Roughly chop the romaine lettuce into bite-sized pieces. It should feel crisp and fresh as you handle it, and make sure it is not too finely chopped to maintain that satisfying crunch. If it is chopped too small, it can get soggy once dressed.
In a large bowl, toss in the roughly chopped romaine, chickpeas, radicchio, cherry tomatoes, cucumber, kalamata olives, pepperoncini, and red onions. Give everything a gentle stir, allowing the colorful veggies to showcase their freshness.
Add the freshly grated parmesan and provolone cheese over the mixed salad. You want to see a bit of cheese on every bite, which makes it satisfying. If you are using pre-packaged cheese, check for any added gluten since that can sneak in.

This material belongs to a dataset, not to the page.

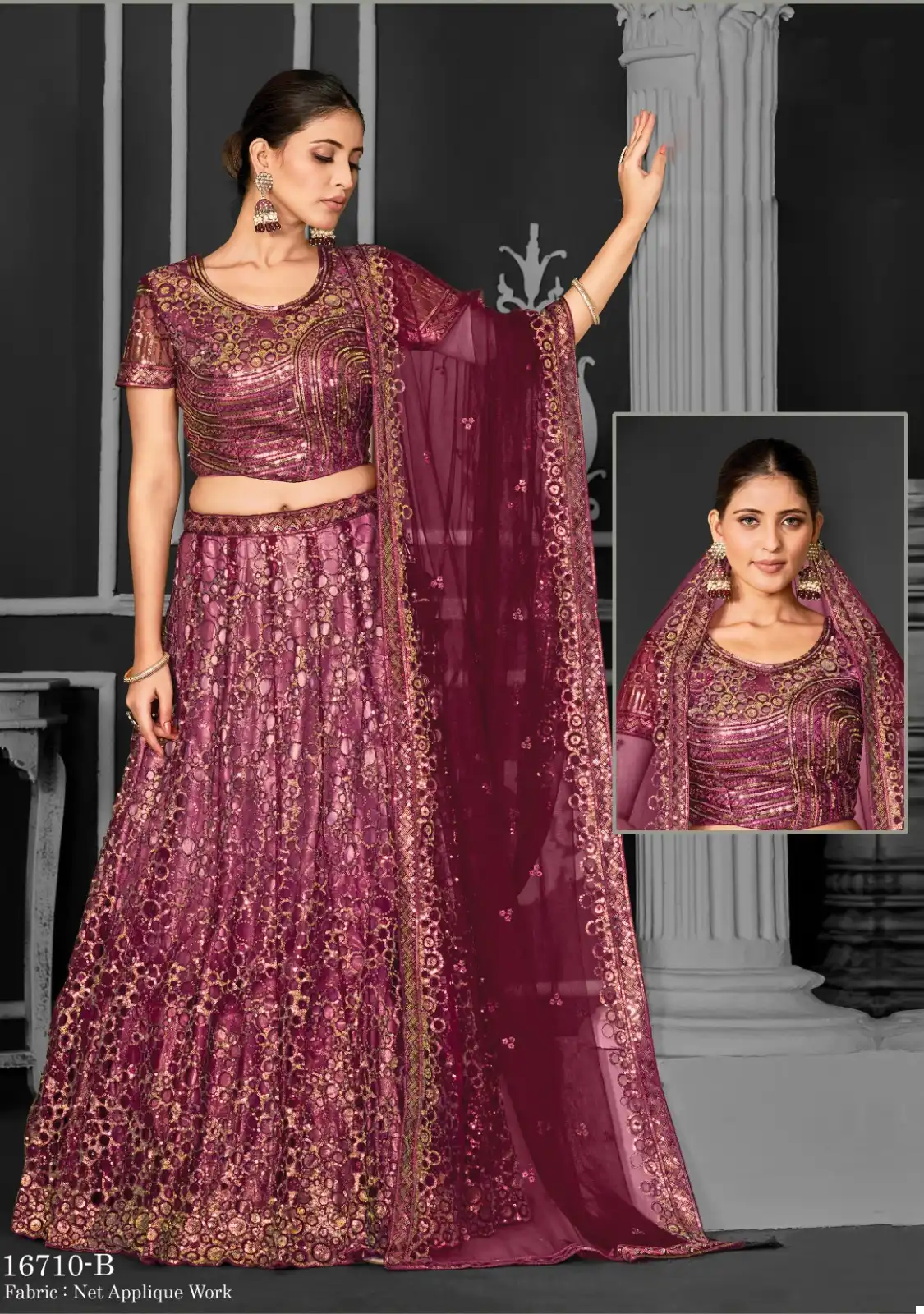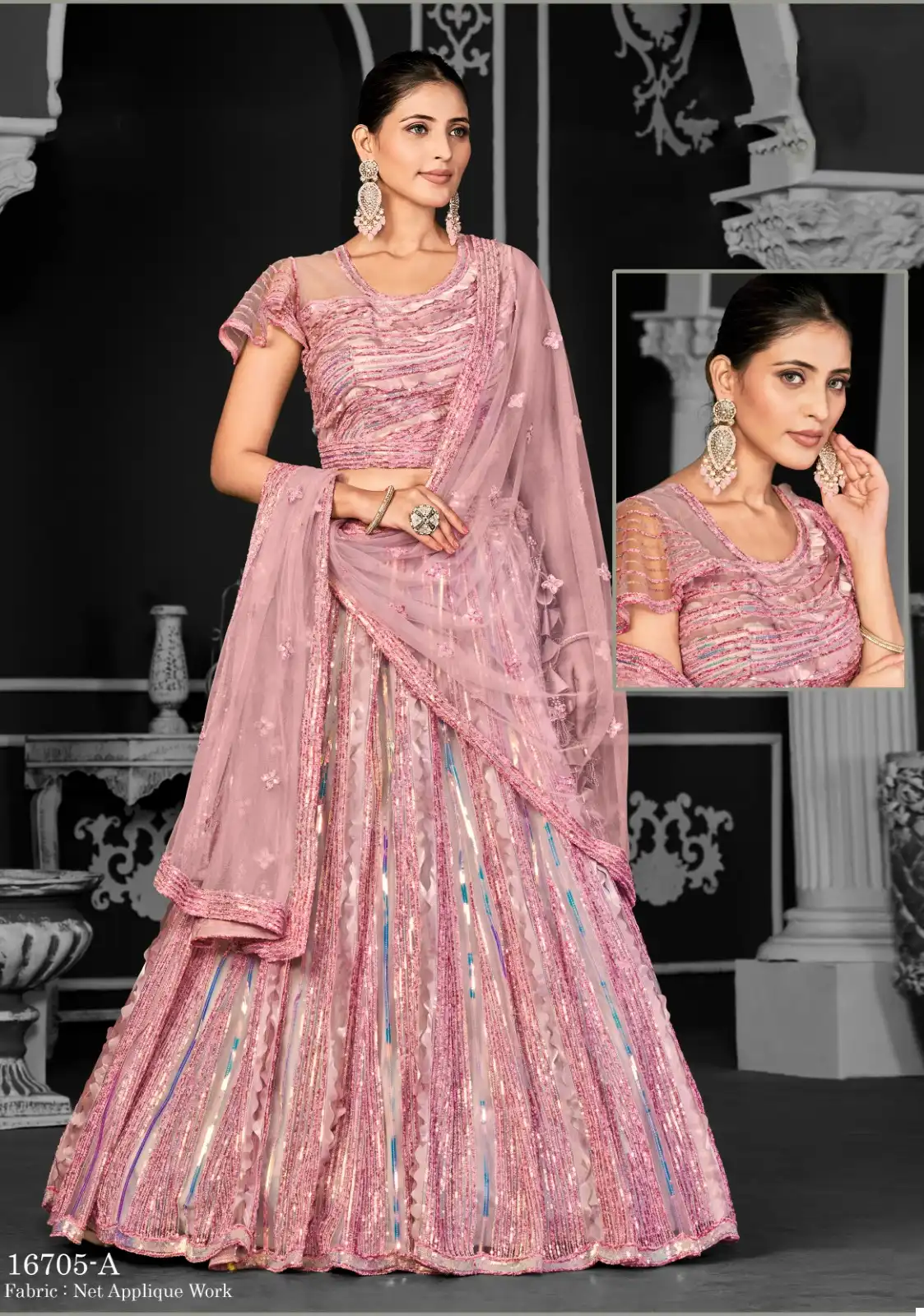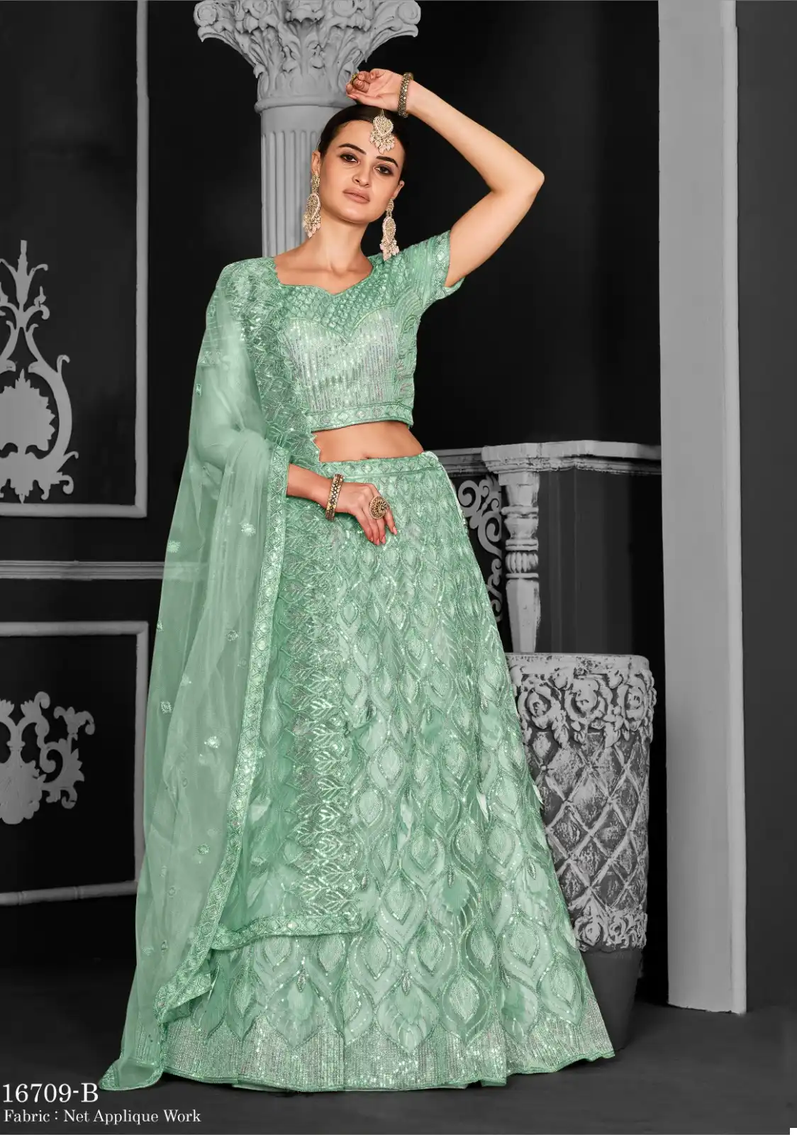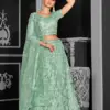 Lehenga: Crafted from premium quality net fabric, our lehenga features a flattering silhouette that accentuates your curves elegantly. The intricate cord floral sequence embroidery and applique work add a touch of sophistication and charm to the ensemble, making it perfect for weddings, receptions, and festive gatherings.

Pour some of the vinaigrette over the salad right before you are ready to dig in, saving any extra for later. The salad should glisten, not drown in dressing. If you see excess liquid at the bottom, it might mean too much dressing was added; that can lead to a soggy salad.
Give the salad one last gentle toss to mingle everything together. Once plated, you may want to garnish it with a sprinkle of extra cheese or some fresh herbs for an inviting touch.